### PROBLEM TO SOLVE
Only lines that contain the word "This" belong in the answer; copy them from the records below.

### DATASET RECORDS
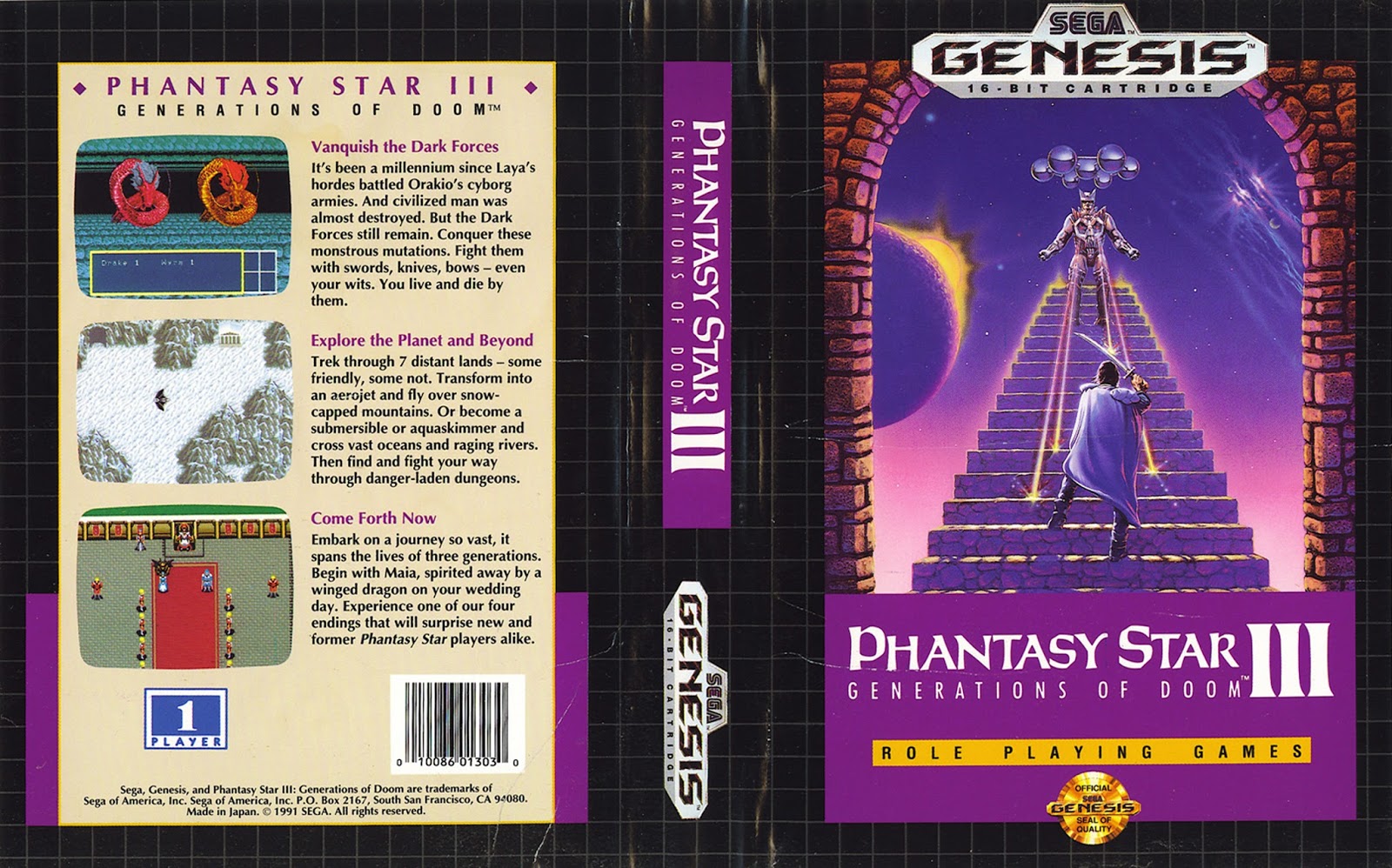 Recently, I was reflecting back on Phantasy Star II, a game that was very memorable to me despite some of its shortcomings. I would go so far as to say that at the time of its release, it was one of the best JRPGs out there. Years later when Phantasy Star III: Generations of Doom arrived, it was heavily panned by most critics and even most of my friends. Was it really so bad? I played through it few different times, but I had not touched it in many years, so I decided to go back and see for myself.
--
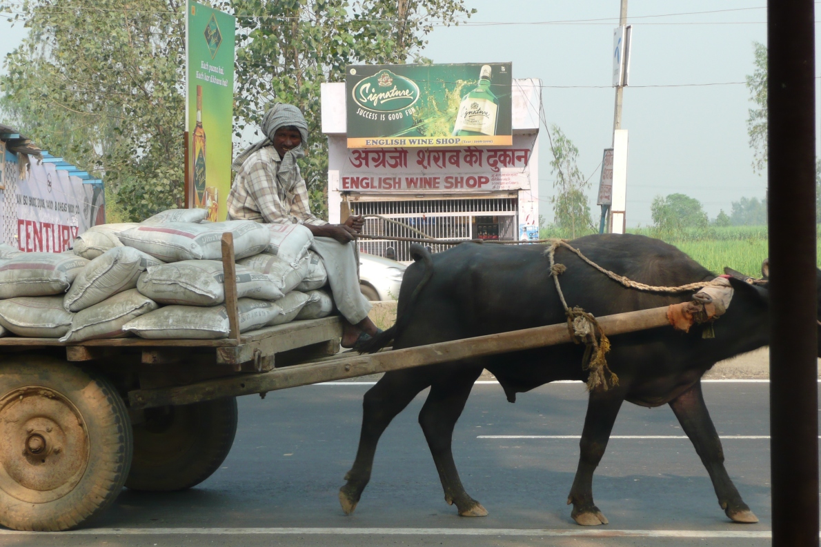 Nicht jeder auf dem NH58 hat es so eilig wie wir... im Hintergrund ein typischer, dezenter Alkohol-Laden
---
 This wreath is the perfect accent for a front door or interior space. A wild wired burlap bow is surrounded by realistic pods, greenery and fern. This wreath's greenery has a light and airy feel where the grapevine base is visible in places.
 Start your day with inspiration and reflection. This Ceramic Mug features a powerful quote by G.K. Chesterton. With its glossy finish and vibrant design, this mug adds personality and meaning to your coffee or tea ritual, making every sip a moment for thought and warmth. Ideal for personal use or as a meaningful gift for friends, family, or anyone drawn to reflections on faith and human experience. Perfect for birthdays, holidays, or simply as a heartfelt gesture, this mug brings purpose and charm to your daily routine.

### RESULT
 This wreath is the perfect accent for a front door or interior space. A wild wired burlap bow is surrounded by realistic pods, greenery and fern. This wreath's greenery has a light and airy feel where the grapevine base is visible in places.
 Start your day with inspiration and reflection. This Ceramic Mug features a powerful quote by G.K. Chesterton. With its glossy finish and vibrant design, this mug adds personality and meaning to your coffee or tea ritual, making every sip a moment for thought and warmth. Ideal for personal use or as a meaningful gift for friends, family, or anyone drawn to reflections on faith and human experience. Perfect for birthdays, holidays, or simply as a heartfelt gesture, this mug brings purpose and charm to your daily routine.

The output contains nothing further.